The Center has listened. In recent years it has grown more intentional about the partners it takes on, treating sponsorship less as a transaction than as a way to turn corporate money toward the work of the community. This year's parade carries a sponsor's name — the Vizzy Denver Pride Parade — and leads crowds to the free festival on 16th Street. Celebration and protest are both on full display at our parade.
Vaught's point is more generous than a simple objection to corporate cash. She understands the need for the money — she helped start Rainbow Alley, the Center's youth program, in 1998, and knows what it costs to keep open.
She points to 2020. That summer, amid a national reckoning over racial justice, Vaught and a handful of other leaders built Pride Liberation — an event that drew one of the largest in-person crowds in Denver Pride's history, organized in collaboration with, but distinct from, Pride Fest, with BIPOC voices at its center. Out of it grew Black Pride Colorado, which now runs thriving events on direct community engagement. For Vaught, it's proof of what the community can build together — and a model The Center has taken to heart as it shapes what comes next.
On June 28, both versions of Denver Pride will share a single day. The Vizzy Denver Pride Parade will move first, and the free festival on 16th Street will honor 52 years of Pride as a protest.
Denver Pride traces a straight line back to those fifty people in Cheesman Park, and it is proud to carry the protest inside the celebration rather than scrub it out. Vaught sees the whole thing as a conversation the community keeps having with itself — about who funds liberation, who it serves, and what is owed to the people who marched when there were no sponsors and no stage.

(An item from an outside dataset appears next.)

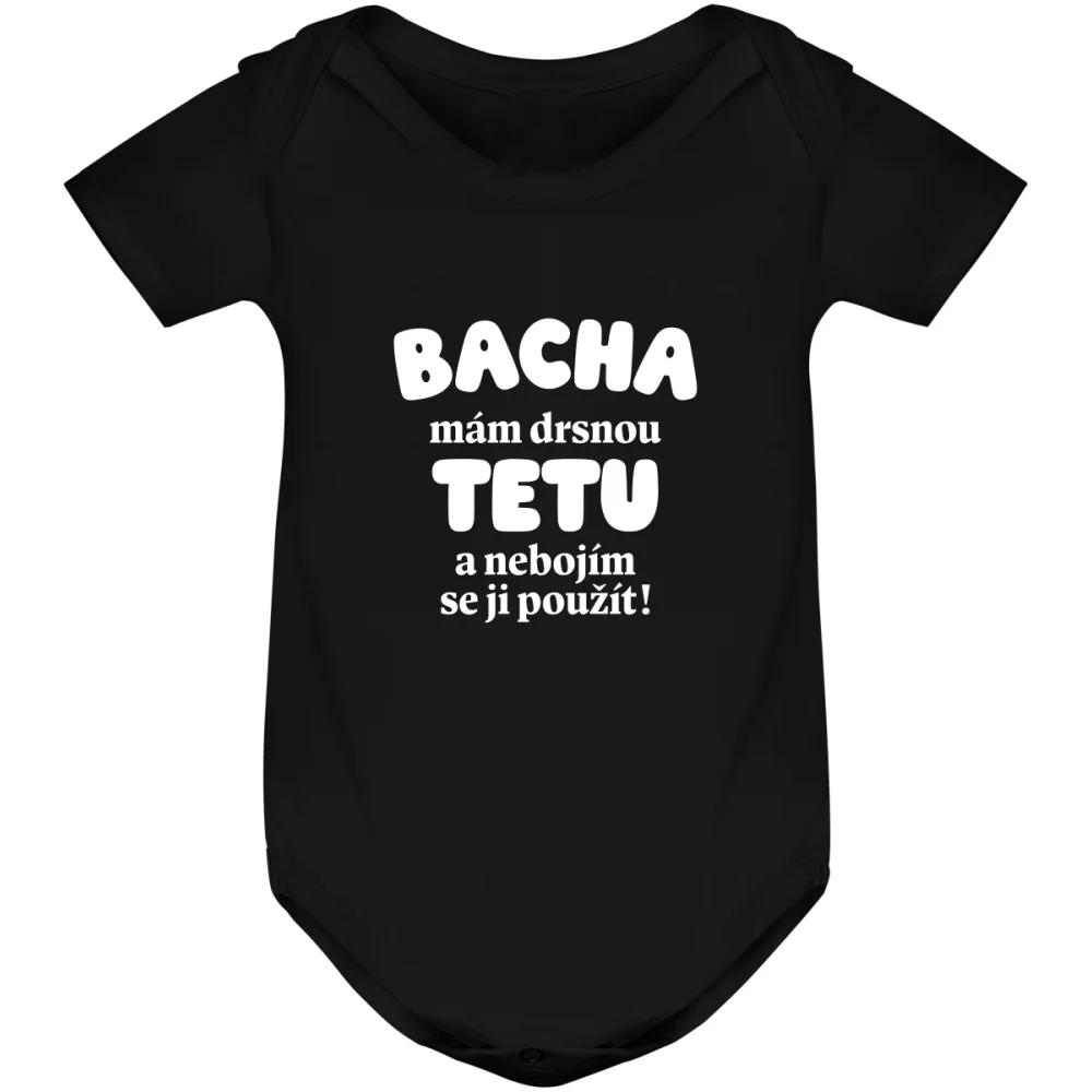 Kojenecké body s potiskem „Bacha na mou tetu!“ je skvělý a vtipný dárek od tety pro miminko. Nápis „Bacha, mám drsnou tetu a nebojím se jí použít!“ zaručeně pobaví a dá jasně najevo, kdo je v rodině ten největší ochránce. Potisk je vyroben moderní DTF technologií, která vydrží i časté praní a neztrácí barvy.

That breath feels close this year. Denver Pride in 2026 arrives against the steepest legislative backlash our movement has seen in modern history.
It is why the word "protest" has stopped reading like history. Cheesman Park in 1974 answered a government that wanted gay people gone; the same answer is being written again, now.
"We're not just here to help corporations make money during June," she said. "The festival is the celebration. The protest is the reason there's anything to celebrate."